The leaflets are glossy dark green above and dull green below; they are held on petiolules about 5–15 mm long (45 mm for the terminal leaflet) with pulvini at both ends. The leaflets measure up to 30 cm long and 12 cm wide and have between 15 and 17 pairs of lateral veins. The veins are pale yellow or cream, a striking contrast against the dark green of the blade, and are raised on both the upper and lower surfaces.

This species is dioecious, meaning that male and female flowers are borne on separate plants. The inflorescences are panicles produced in the . Flowers are very small with three pale petals about 3 mm long. The fruit is a blue ellipsoid drupe about 15 mm long containing a single seed.

==Taxonomy==
In 1917 botanist Elmer D. Merrill was the first to formally describe this species, based on de Candolle's 1825 name Marignia acutifolia which was in turn based on Rumphius's earlier description from Ambon Island, in the Maluku Islands. Merrill also based his description on a 1913 type specimen collection from Ambon by Robinson to represent Rumphius's description and on other synonymous names described in between these times.

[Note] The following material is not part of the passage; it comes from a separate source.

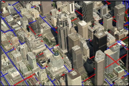 Oblique images are aerial photographs taken at oblique angles to the earth’s surface. Projections of vector and other geospatial data in these images depend on camera parameters, positions of the entities, surface terrain, and visibility. This paper presents a robust and scalable algorithm to detect inconsistencies in vector data using oblique images. The algorithm uses image descriptors to encode the local appearance of a geospatial entity in images. These image descriptors combine color, pixel-intensity gradients, texture, and steerable filter responses. A Support Vector Machine classifier is trained to detect image descriptors that are not consistent with underlying vector data, digital elevation maps, building models, and camera parameters. In this paper, we train the classifier on visible road segments and non-road data. Thereafter, the trained classifier detects inconsistencies in vectors, which include both occluded and misaligned road segments. The consistent road segments validate our vector, DEM, and 3-D model data for those areas while inconsistent segments point out errors. We further show that a search for descriptors that are consistent with visible road segments in the neighborhood of a misaligned road yields the desired road alignment that is consistent with pixels in the image.

The species has four recognised varieties, three have descriptions in Flora Malesiana and more recently in 2000 botanist Wayne Takeuchi described a new fourth variety of isolated known occurrence in New Guinea:
- C. acutifolium var. acutifolium — New Guinea, Moluccas, New Britain, New Ireland, Bougainville, lowland Wet Tropics NE. Qld Australia
– differs from the other three varieties in flowers having 3 stamens instead of 6.
- C. acutifolium var. aemulans — New Britain, NE. New Guinea
- C. acutifolium var. celebicum — central Sulawesi
- C. acutifolium var. pioriverensis — known only from lowland forest in the Crater Mt. area of New Guinea

In Australia, C. acutifolium var. acutifolium grows naturally below about 100 m altitude in the scarce remaining lowland rainforests of the Wet Tropics region of north-eastern Queensland. These only known natural populations of the species in the nation have obtained the national and Qld governments' "vulnerable" species conservation status.